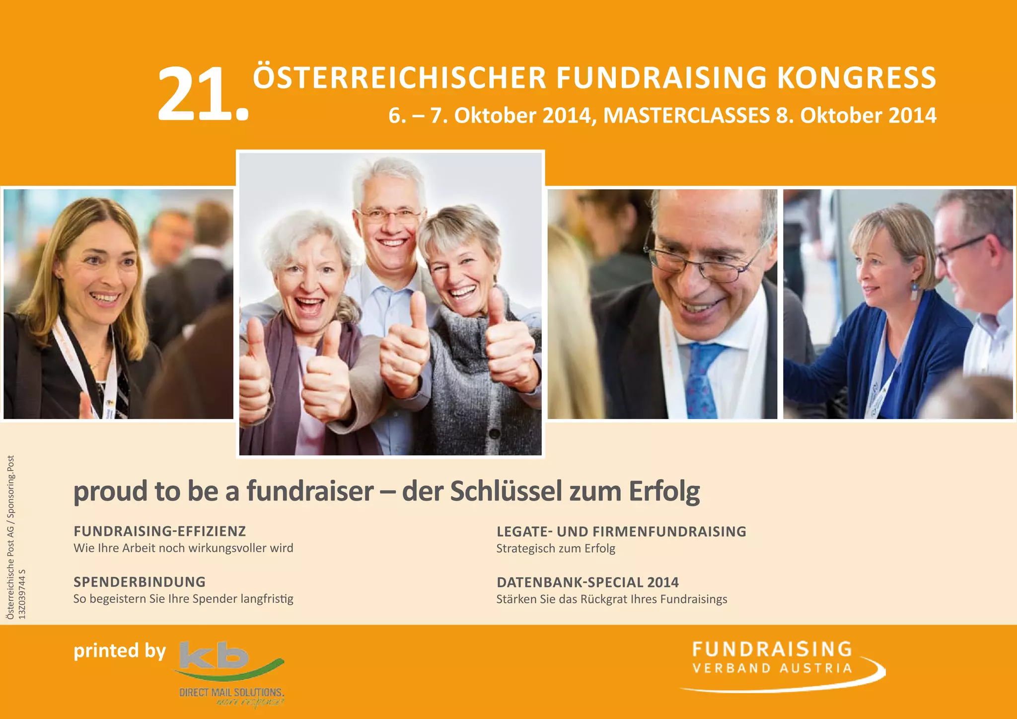 Der 21. österreichische Fundraising-Kongress fand vom 6. bis 8. Oktober 2014 statt und bot ein umfassendes Programm mit Keynotes, Podiumsdiskussionen und Masterclasses zu Themen der Fundraising-Effizienz und Spenderbindung. Experten aus verschiedenen Ländern diskutierten über aktuelle Herausforderungen und Strategien im Fundraising, während das spezielle Datenbank-Special am 7. Oktober Einblicke in moderne Datenbanktechnologien gab. Die Veranstaltung richtete sich sowohl an erfahrene Fundraiser als auch an kleinere Organisationen, die durch Stipendien unterstützt wurden.
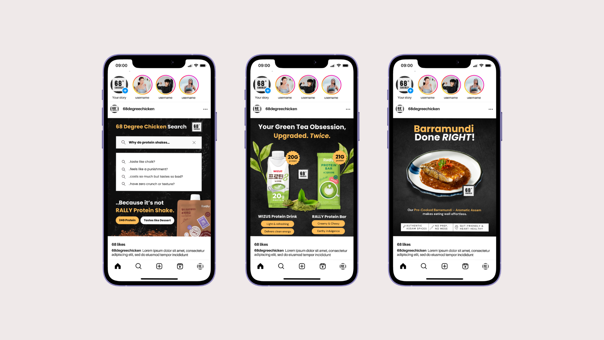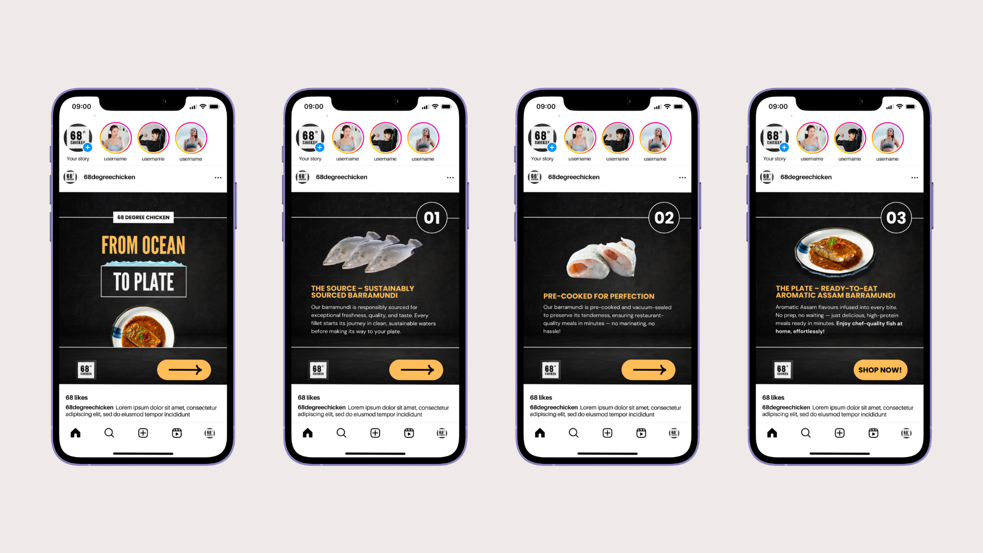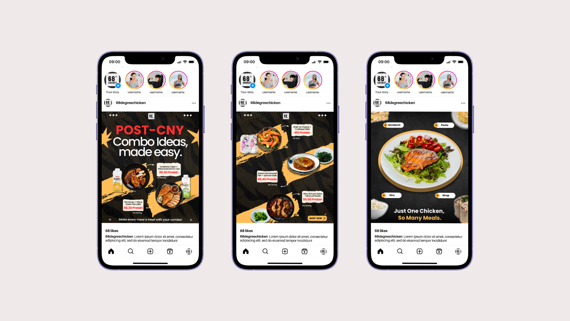 A social media content series designed to promote 68 Degree Chicken through a balanced mix of flavour-focused, product-led, and lifestyle-driven posts. The content highlights the brand’s unique inner fillet cut, showcases the different flavours, and educates audiences on the nutritional benefits of high-protein meals. Complemented by motivational fitness messages and simple meal inspiration, the posts position 68 Degree Chicken as a convenient, healthy protein choice for busy individuals and fitness-focused consumers.
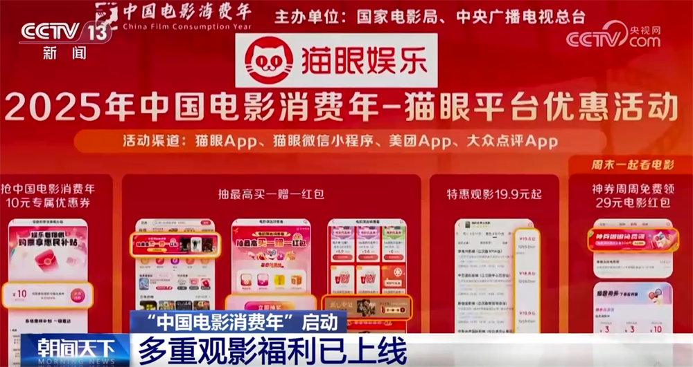 自4月18日起至2026年春节档结束,观众可在小程序等渠道进入“中国电影消费年”页面,领取消费年专属10元优惠券、抽最高“买一赠一”观影红包、参与单片19.9元起大额补贴等活动。此外,观众可在中国银联云闪付App中找到“中国电影消费年”进入专题页面,领取对应的观影福利。

════════

What you will do.
An exact reproduction of the material is needed, without its images.

Written answer.
 Der 21. österreichische Fundraising-Kongress fand vom 6. bis 8. Oktober 2014 statt und bot ein umfassendes Programm mit Keynotes, Podiumsdiskussionen und Masterclasses zu Themen der Fundraising-Effizienz und Spenderbindung. Experten aus verschiedenen Ländern diskutierten über aktuelle Herausforderungen und Strategien im Fundraising, während das spezielle Datenbank-Special am 7. Oktober Einblicke in moderne Datenbanktechnologien gab. Die Veranstaltung richtete sich sowohl an erfahrene Fundraiser als auch an kleinere Organisationen, die durch Stipendien unterstützt wurden.
 A social media content series designed to promote 68 Degree Chicken through a balanced mix of flavour-focused, product-led, and lifestyle-driven posts. The content highlights the brand’s unique inner fillet cut, showcases the different flavours, and educates audiences on the nutritional benefits of high-protein meals. Complemented by motivational fitness messages and simple meal inspiration, the posts position 68 Degree Chicken as a convenient, healthy protein choice for busy individuals and fitness-focused consumers.
 自4月18日起至2026年春节档结束,观众可在小程序等渠道进入“中国电影消费年”页面,领取消费年专属10元优惠券、抽最高“买一赠一”观影红包、参与单片19.9元起大额补贴等活动。此外,观众可在中国银联云闪付App中找到“中国电影消费年”进入专题页面,领取对应的观影福利。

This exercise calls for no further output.